By Karine Kalantarian
The head of a state commission empowered to parole convicts in Armenia on Friday flatly denied any political motives behind its refusal to free Arman Babajanian, the imprisoned editor of a pro-opposition newspaper. Hovannes Hunanian, who is also deputy chief of the Armenian police, argued that the commission has consistently blocked an early release from prison of all individuals convicted of draft evasion ever since it began its work in September last year.
Babajanian was arrested in June 2006 and subsequently sentenced to three and a half years in prison for illegally avoiding compulsory military service.
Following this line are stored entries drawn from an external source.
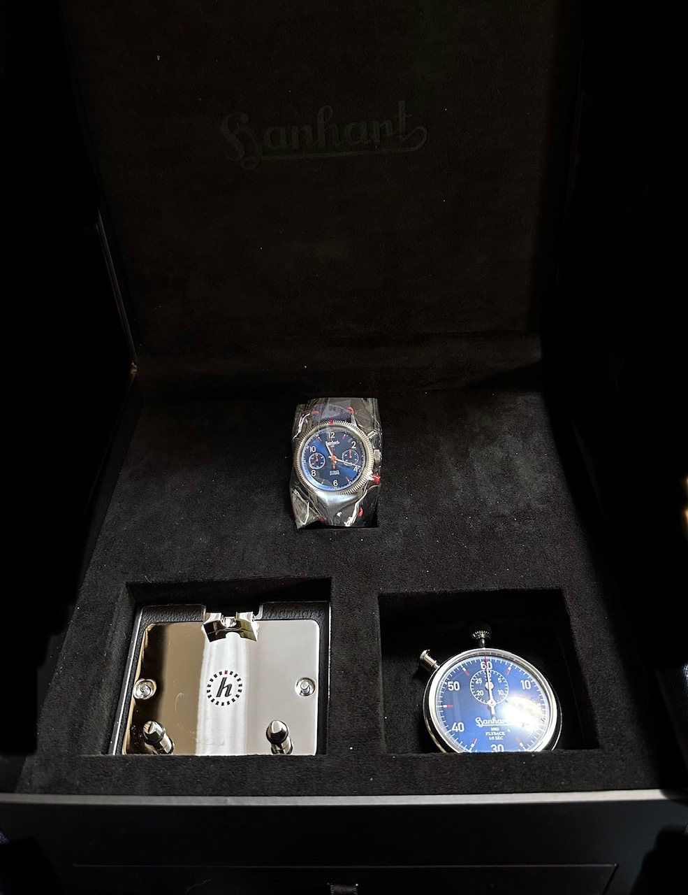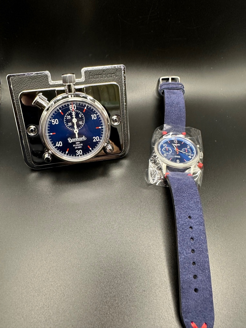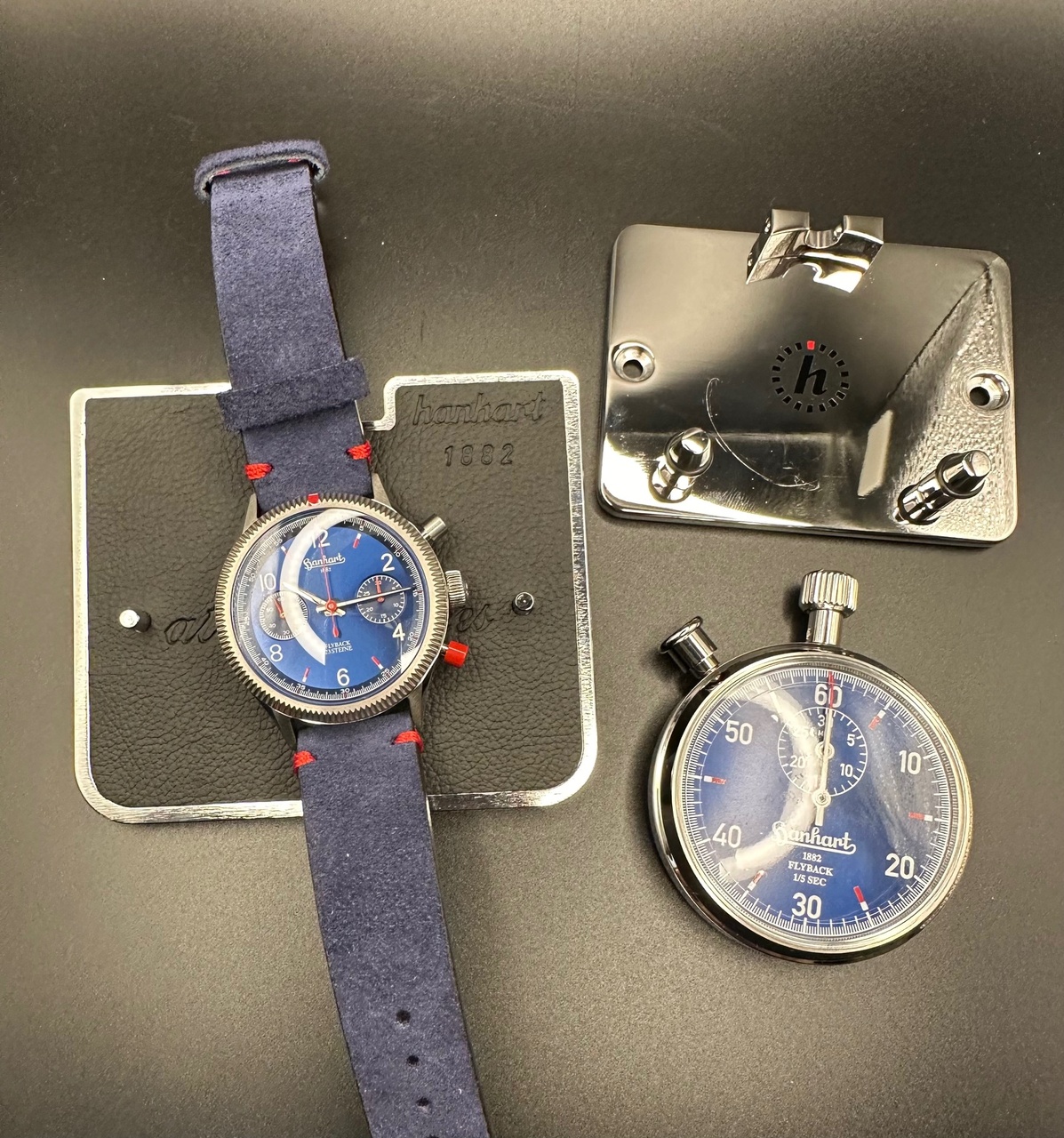 Продаются необычайно красивые и редкие часы в комплекте с секундомером от немецкого производителя пилотских хронографов Hanhart Chronographen 1882, который уже 140 лет производит часы и секундомеры.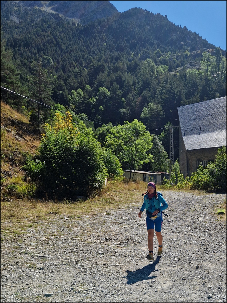 El sendero tarda en mejorar y nunca ves el momento de llegar al refugio. Yo ya estaba curada de espanto por las otras dos veces. Tramos buenos, tramos malos, tramos peores, algún pedrolo, más pedrolos, un cacho de césped, así casi hasta llegar al refugio. Dejé pasar a una corredora que iba mejor que yo, y ya pronto alcancé la última subida, estaba ahí mismo el avituallamiento. Comencé a caminar por la pasarela de conexión, y cuando vi a lo lejos a Toñi, mi voluntaria favorita de Bachimaña (y Ángel Orús), comencé a chillar de alegría “Toñiiii, esta vez sí que sí”. Y me puse a correr como si no hubiera un mañana.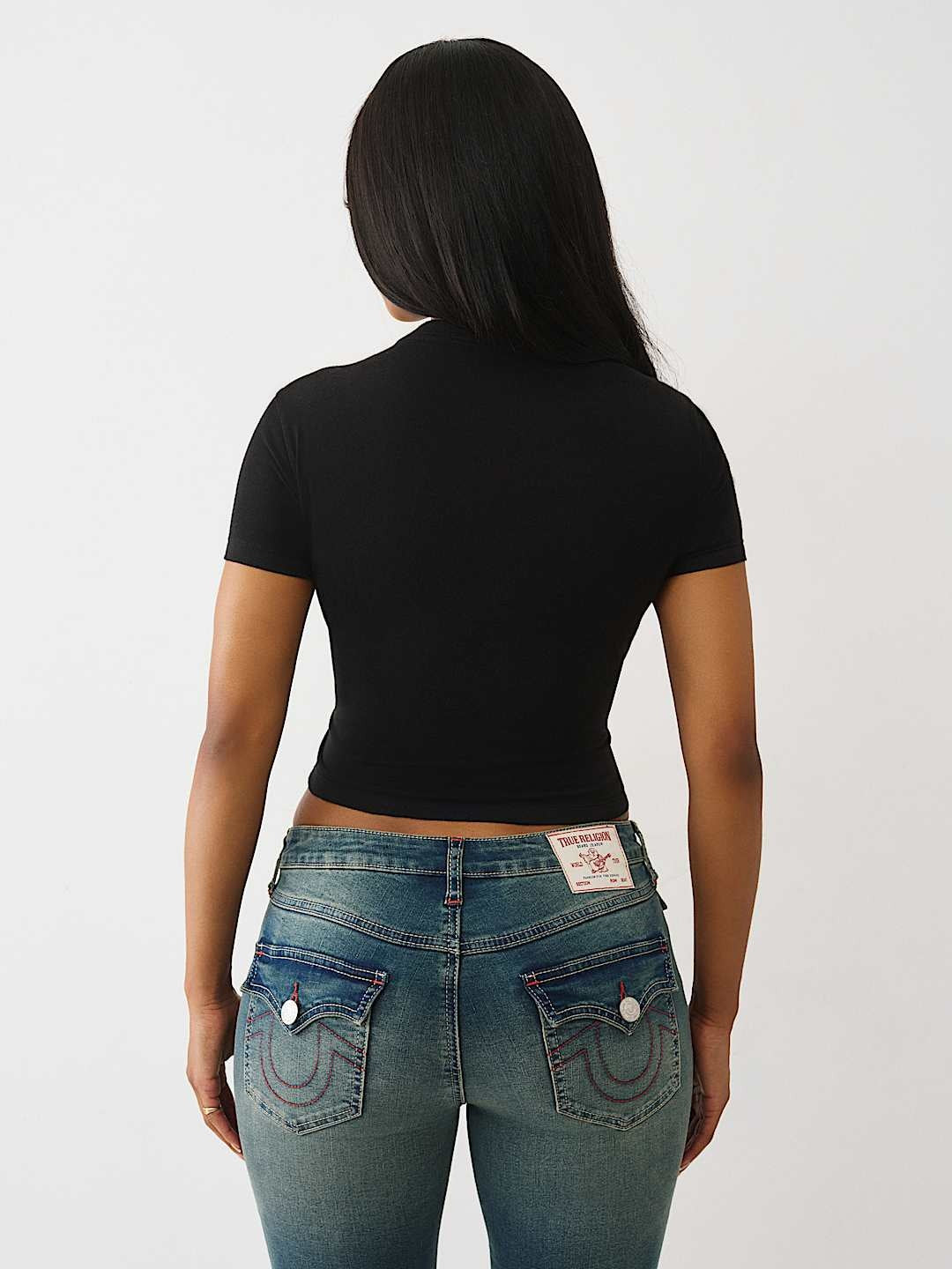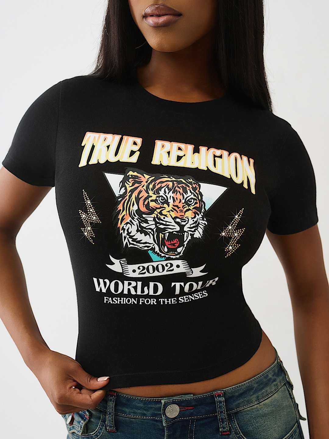Introducing the True Religion TR Tiger Baby Tee in Jet Black—a bold statement piece that combines iconic branding with contemporary style. This fitted baby tee features the signature TR tiger graphic, delivering instant edge and attitude to your everyday wardrobe. Crafted for those who embrace confident self-expression, the sleek jet black colorway pairs effortlessly with everything from tailored trousers to vintage denim. Perfect for layering or wearing solo, this essential tee transforms any outfit into a fashion moment. Elevate your basics with True Religion's unmistakable heritage and undeniable cool factor.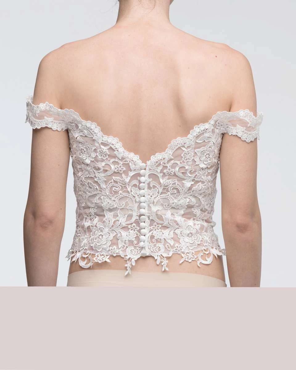 Demetria Make Up Top – Romantisches Brauttop aus Spitze mit Carmen-Ausschnitt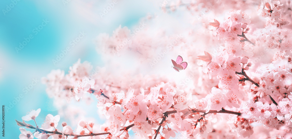 Branches of blossoming cherry against background of blue sky and fluttering butterflies in spring on nature outdoors. Pink sakura flowers, dreamy romantic artistic image of spring nature, copy space.

Last month, he served one third of the sentence and, in accordance with Armenian law, became eligible for parole.
In an interview with RFE/RL on Wednesday, Babajanian claimed that the commission rejected his parole appeal at the behest of President Robert Kocharian.
Hunanian dismissed the claim. “The commission has operated since September and during all this time it has considered dozens of cases of draft evasion applying for parole,” he told a news conference. “None of them has been set free by the commission.”
“So I think Arman Babajanian should not have been an exception to that rule,” he said.
The police general revealed that not all members of the body opposed Babajanian’s pre-term release. “Members of the commission disagreed on whether or not he should be freed,” he said. But most of them, he added, believe that draft evasion is a crime “dangerous for the public.”
Babajanian, meanwhile, has asked a Yerevan court to overturn the parole rejection. He says Hunanian’s commission should not have decided his fate in the first place because it was formed by Kocharian after his arrest.